The goal of the mission is to make a global map of the sky and for this it examines the entire celestial sphere every six months.

In the second sky mapping, on July 7, 2020, it detected a new very bright X-ray source that lasted less than eight hours.

What might the glowing blue variable star look like in the Kinman Dwarf Galaxy before its magical disappearance.  File image EFE/EPA/ESO/L.  traced

What might the glowing blue variable star look like in the Kinman Dwarf Galaxy before its magical disappearance. File image EFE/EPA/ESO/L. traced

One week later, on July 15, light from the eruption of Nova Reticuli 2020 (YZ Ret), located at a distance of 2.5 kpc from Earth (2,500 parsec, astronomical unit of longitude) was discovered from Earth. which is equivalent to approximately three light years or 30 billion kilometers).

This made it possible to determine for the first time which intense X-ray flash detected by eROSITA corresponded to the initial fireball of the nova explosion.

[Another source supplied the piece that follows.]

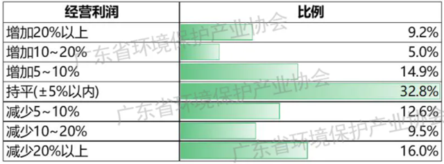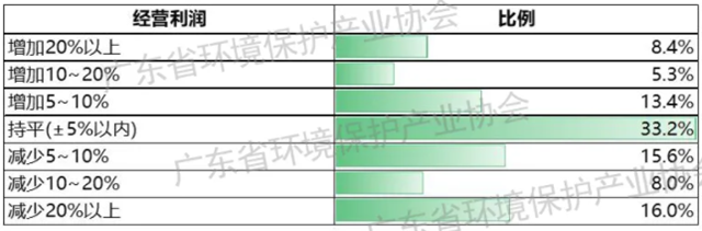 營業(yè)利潤方面,29.1%的環(huán)保企業(yè)實(shí)現(xiàn)利潤同比增長,32.8%的企業(yè)利潤與上年同期持平,38.1%的企業(yè)利潤下降。

According to Sala, studying the explosions of novae makes it possible to fit some of the pieces of the Galaxy’s chemical evolution and how the diversity and distribution of the chemical elements present in the Solar System have been, after the Big Bang, dividing the universe initially with a simpler composition.

Therefore, the discovery of this fireball, first predicted by the models, is an important piece to fix theories of star explosionsThe room is finished.